- Born: December 6, 1966 St. Catharines, Ontario, Canada
- Died: January 13, 2026 (aged 59) Vancouver, British Columbia, Canada
- Height: 5 ft 11 in (180 cm)
- Weight: 192 lb (87 kg; 13 st 10 lb)
- Position: Centre
- Shot: Right
- Played for: Quebec Nordiques New York Rangers Tampa Bay Lightning Sheffield Steelers
- NHL draft: 36th overall, 1985 Quebec Nordiques
- Playing career: 1986–2005

= Jason Lafreniere =

Canadian ice hockey player (1966–2026)

Jason Lafrenière (December 6, 1966 – January 13, 2026) was a Canadian professional ice hockey player who played 146 games in the National Hockey League (NHL).
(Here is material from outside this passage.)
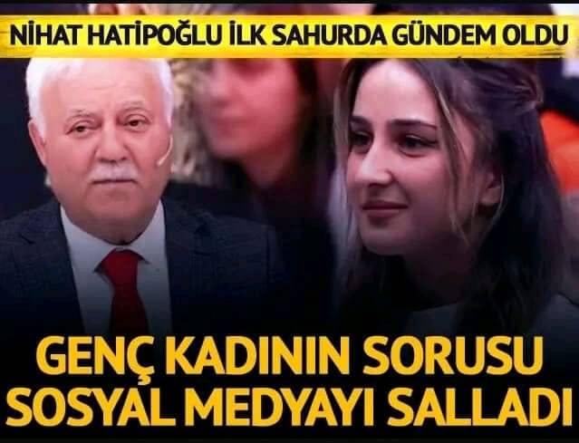 Nihat Hatipoğlu’na ilk sahurda gelen soru sosyal medyada gündem oldu! “Umut verip…” Ramazan ayı boyunca milyonları ekran başına kilitleyen Nihat Hatipoğlu ilk sahur programını yaptı. ATV’de her yıl ekrana gelen Prof. Dr. Nihat Hatipoğlu’na her yıl gelen sorular gündem oluyor. Bu yıl ekranda olan Nihat Hatipoğlu’na yine çeşitli sorular yağdı. Genç bir kadın ünlü ilahiyatçıya sahurda “Sevip de sevilmemenin günahı nedir? Umut verip de yarı yolda bırakmanın günahı nedir” diye sorunca sosyal medyada gündem oldu. “KAPRUZ DEĞİL HOCAM…” Nihat Hatipoğlu bu soruya “Kötü niyetle başlanmışsa umut verdiyse günahtır. Ama iyi niyetlidir bakar karakterde farklılıklar vardır senin yolun sana benimki bana diyorsa problem yok. İstismar etmek niyetiyle ise günahtır. Öyle ise uzak dur, gerçi ‘karpuz değil hocam içini göremiyorum’ diyeceksin… Ama bence bir görüşmede bile birkaç soruda insanların karakterini anlamaktazorlanmazsınız” yanıtını verdi. Bir günde harcadığı para şoke etti! “Çok çalışıyorum…” Genç kadının sorusu sosyal medyada defalarca kez paylaşıldı ve “Aşkolog Nihat Hatioğlu”, “Konuş hocam kızın içi yanmış”, “En çok merak ettiğim soru gelmiş” yorumları yapıldı. kaynak:mynet

He played with the Tampa Bay Lightning, New York Rangers, and Quebec Nordiques between 1986 and 1994.

==Biography==
Born in St. Catharines, Ontario, Lafreniere was the son of the NHL hockey player, Roger Lafreniere.

Prior to turning professional, Lafreniere played major junior in the Ontario Hockey League, where he was named to the First All-Star Team in the 1985–86 season after recording 132 points in 62 games. He was traded along with Normand Rochefort from the Nordiques to the Rangers for Walt Poddubny, Jari Grönstrand, Bruce Bell and a fourth-round selection in the 1989 NHL entry draft (76th overall-Éric Dubois) on August 1, 1988.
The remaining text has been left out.